Brady has already rewritten the postseason record books as he makes his record seventh appearance in the Super Bowl, and at age 39 played at a level as high as ever this season.

“For Brady, his personal integrity has been questioned. That made it personal. That’s more fuel to use as motivation,” said Parent.

Inspiration is perhaps the most common motivational factor, according to Dr. Matthew Lorber, a psychiatrist at New York’s Lenox Hill Hospital, but other emotions can be effective tools.

“Anger is a major emotion tied into motivation in people who are successful,” Lorber told Reuters. “Anger has to be turned into the drive to fix what you’re angry about.

“A big thing I work on is what can patients control in their lives,” said Lorber. “Tom Brady, the moment he is suspended, he really cannot control. But he can control his motivation.

“He can control if he lets up a bit in the gym or if he grinds even harder. Motivation is something we have control over.”

Brady has shrugged off suggestions that he has been using his suspension as motivation, but his competitive fire has clearly been ablaze this season.

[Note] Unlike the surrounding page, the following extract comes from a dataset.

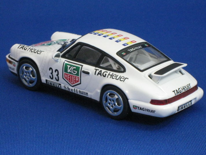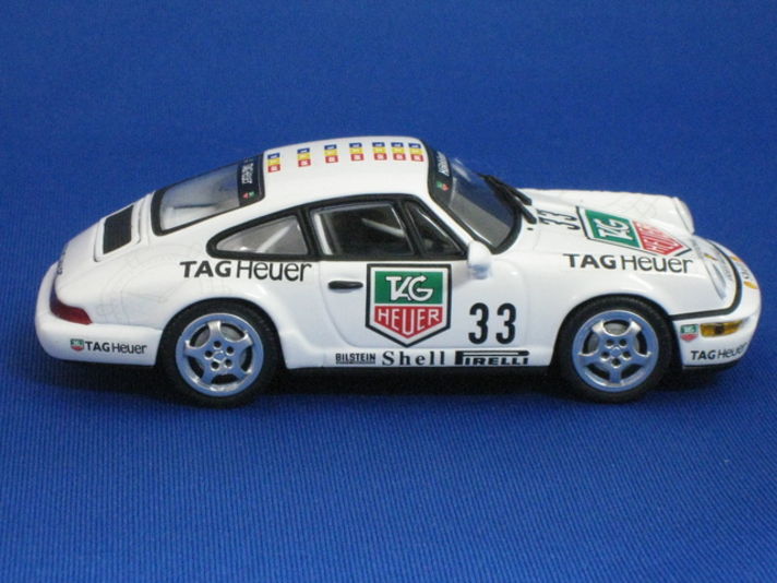 ここ半年ほど いきつけのミニカーショップに行きませんでした? 普段は ポルシェのミニカーの新作が入庫すると電話で知らせていただくのですが なぜか電話も無く私も行かず?先日寄ったところ何台かのミニカーが発売されていました そんなことで何台か購入してきたものを 順番に紹介したいと思います その中でも 私の知るかぎり雑誌の限定?...など ポルシェディーラーが販売している セットの中にしか見当たらないモデルのタイプ964カレラボディーが発売されていました (@_@) ノーマルボディーでストリートモデルでは有りませんが ストリートモデルに近いカップカーが発売されていました このモデルは 写真でもお解かり頂けると思いますがリアウィングがリアタイヤを動かすとせり上がる用に作られている 964マニアにはお勧めの一台です 是非ミニカーショップに行って購入してみてください

“There’s a certain amount of energy devoted to getting your head geared up to play in a very serious, fierce fashion,” Dr. Victor Fornari, a psychiatrist at Zucker Hillside Hospital in Glen Oaks, New York, told Reuters.

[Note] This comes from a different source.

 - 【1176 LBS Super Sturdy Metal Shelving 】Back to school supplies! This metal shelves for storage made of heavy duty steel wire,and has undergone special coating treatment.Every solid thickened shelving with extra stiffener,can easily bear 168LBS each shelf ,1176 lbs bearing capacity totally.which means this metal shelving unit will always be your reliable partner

“Tarnishing that sense of greatness would be met with tremendous resentment and upset.

“I think we see that not just with athletes, but with people who have a very strong opinion of themselves. The truth is that everyone needs a healthy amount of narcissism. That you look in the mirror and feel good about what you see and who you are.”

Parent does not think the fire will abate regardless of the outcome of Super Bowl 51 in Houston.

“Three things about champion athletes. Champion athletes hate to lose. But they love to compete. They love to test themselves against the best. That makes it special,” he said.

“Brady needs something to play against. Maybe he’s playing partly against Goodell.

“That’s to get the adrenalin going and the intensity of focus, but it can’t be a fire out of control. Brady has what I’d call cold fire. He can show his fire but not at the moment of the play. He channels the fire, ice-cold focus.”